What you have to do: Which lines belong in your copy? Those from the start of the data through the line with "total synthesis of", exactly as written, without any pictures.

(Data supplied)

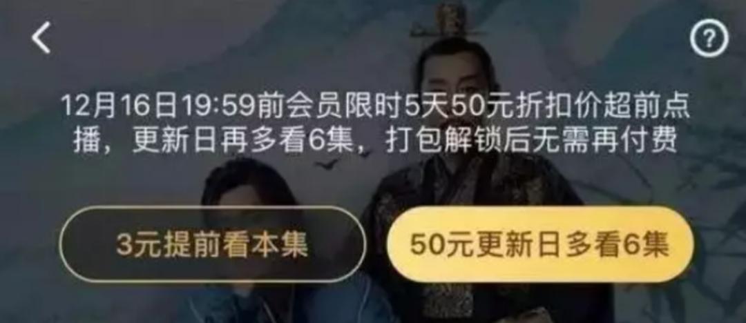 2019年11月,热款爆剧《庆余年》凭借前期精彩的情节吸引了大批受众,12月11日,总体量46集还没播到一半,两个视频平台便联手推出“超前点播”模式——
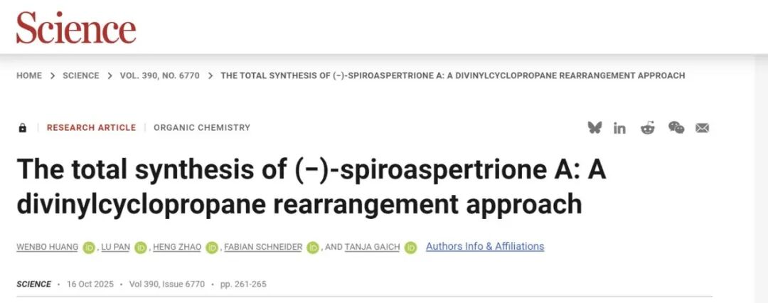 10月16日,国际顶级学术期刊Science在线发表了题为“The total synthesis of (-)-spiroaspertrione A: A divinylcyclopropane rearrangement approach”的研究论文。该研究首次实现了具有显著抗耐药菌活性的中药活性成分(-)-spiroaspertrione A的全化学合成,成为中药合成生物学的突破性成果。beat365官网中药合成生物学研究中心作为第一完成单位,与瑞士弗里堡大学、德国康斯坦茨大学等机构合作共同完成。
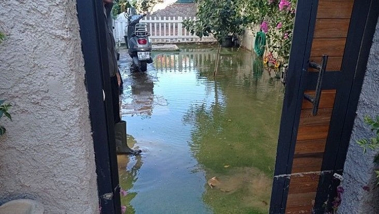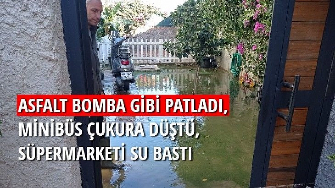 Muğla'nın Bodrum ilçesinde iki ayrı noktada patlayan isale hattından çıkan sular bir süpermarket ile evin bahçesini bastı. Patlağın olduğu noktada minibüs yan yattı.
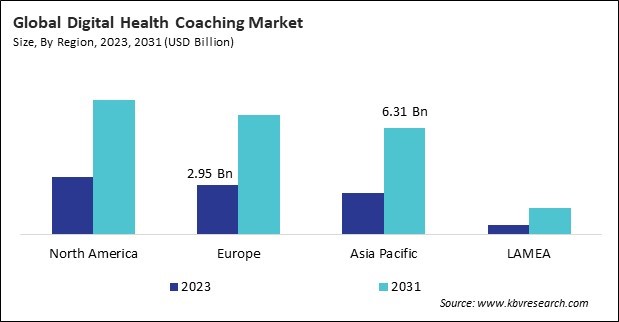 The North America region dominated the Global Digital Health Coaching Market by Region in 2023, and would continue to be a dominant market till 2031; thereby, achieving a market value of $7.96 billion by 2031. The Europe region is exhibiting a CAGR of 11.7% during (2024 - 2031). Additionally, The Asia Pacific region would showcase a CAGR of 12.7% during (2024 - 2031).
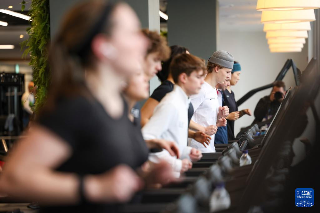 1月18日,运动员在冬青奥村多功能健身中心跑步。 新华社记者 胡虎虎 摄

(End Data supplied)

Answer:
 2019年11月,热款爆剧《庆余年》凭借前期精彩的情节吸引了大批受众,12月11日,总体量46集还没播到一半,两个视频平台便联手推出“超前点播”模式——
 10月16日,国际顶级学术期刊Science在线发表了题为“The total synthesis of (-)-spiroaspertrione A: A divinylcyclopropane rearrangement approach”的研究论文。该研究首次实现了具有显著抗耐药菌活性的中药活性成分(-)-spiroaspertrione A的全化学合成,成为中药合成生物学的突破性成果。beat365官网中药合成生物学研究中心作为第一完成单位,与瑞士弗里堡大学、德国康斯坦茨大学等机构合作共同完成。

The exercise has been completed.